I castagneti e il territorio: dalla bonifica integrale alla rinascita ambientale

Verde
  • 27 ottobre 2025

Dalla montagna alla pianura, la fragilità del territorio italiano chiede risposte concrete. A indicarle è arrivato da Imola un messaggio chiaro: non esiste sostenibilità senza manutenzione né futuro senza una nuova alleanza tra natura e intervento umano. È questa la sintesi del convegno “Contro la fragilità del territorio: rivalutare i castagni e partire con la bonifica integrale”, promosso dall’Accademia Nazionale di Agricoltura e dall’Università di Bologna.

Il confronto ha riacceso i riflettori su due fronti complementari: la bonifica integrale, da ripensare come strategia di prevenzione e gestione del rischio idrogeologico, e la valorizzazione della castanicoltura, vista come chiave di rinascita economica e ambientale per le aree interne. L’obiettivo è ambizioso ma realistico: costruire un nuovo equilibrio tra natura e presenza umana, recuperando i versanti abbandonati, riattivando infrastrutture idrauliche e forestali, e restituendo valore ai boschi come presìdi di stabilità e biodiversità.

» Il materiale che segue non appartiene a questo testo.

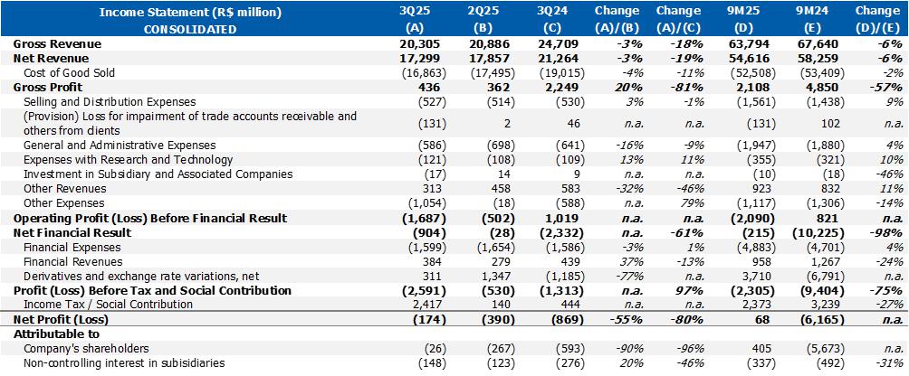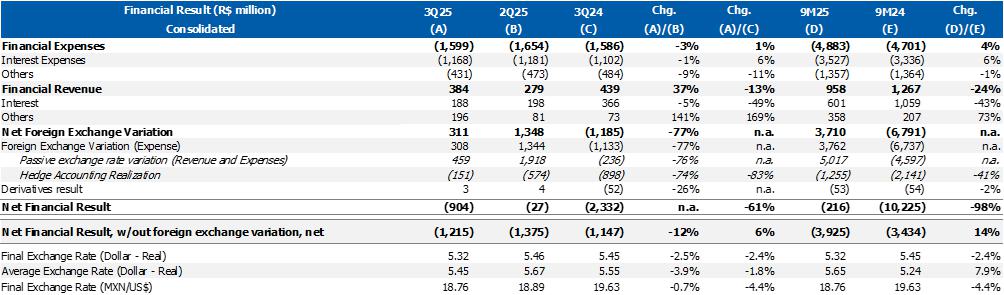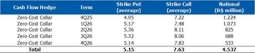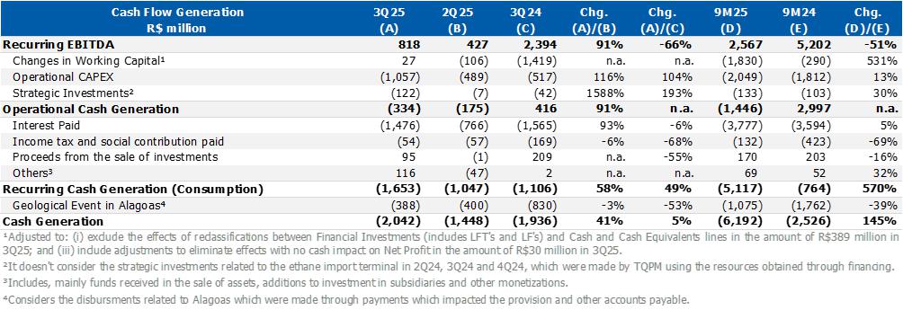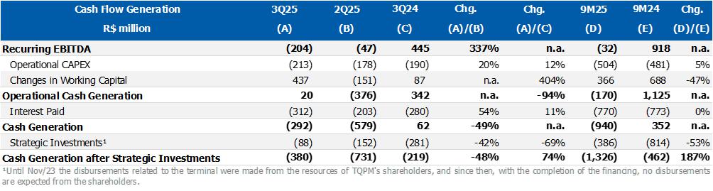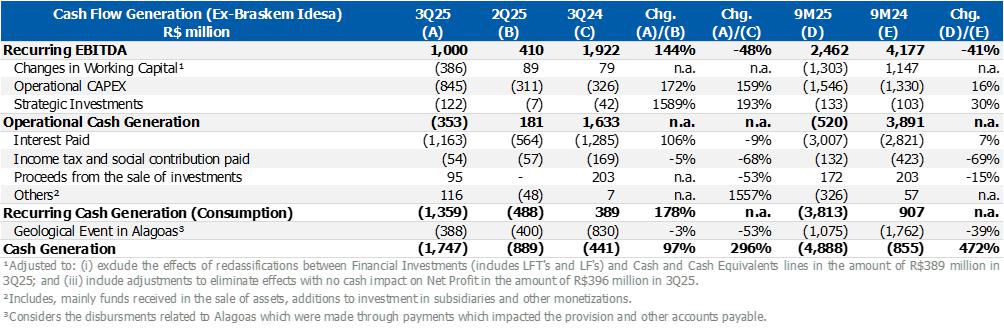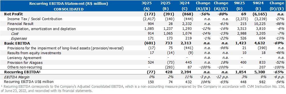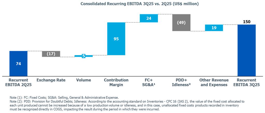 Considering the effects listed above, consolidated recurring EBITDA was US$150 million (R$818 million), 104% higher than 2Q25. Cash consumption of R$334 million, mainly influenced by higher seasonal expenses with CAPEX, partially offset by the optimization of inventory levels carried out in the quarter.

L’Italia, è stato ricordato, possiede la biodiversità forestale più ricca d’Europa, frutto di un secolo di politiche di bonifica e rimboschimento che hanno fatto crescere la superficie boschiva da 4,6 a 11 milioni di ettari. Ma oggi, con l’intensificarsi degli eventi climatici estremi, quelle opere mostrano i segni del tempo. «Serve un riassetto globale, una gestione coordinata che parta dalla montagna e arrivi alla pianura», è stato sottolineato nei lavori.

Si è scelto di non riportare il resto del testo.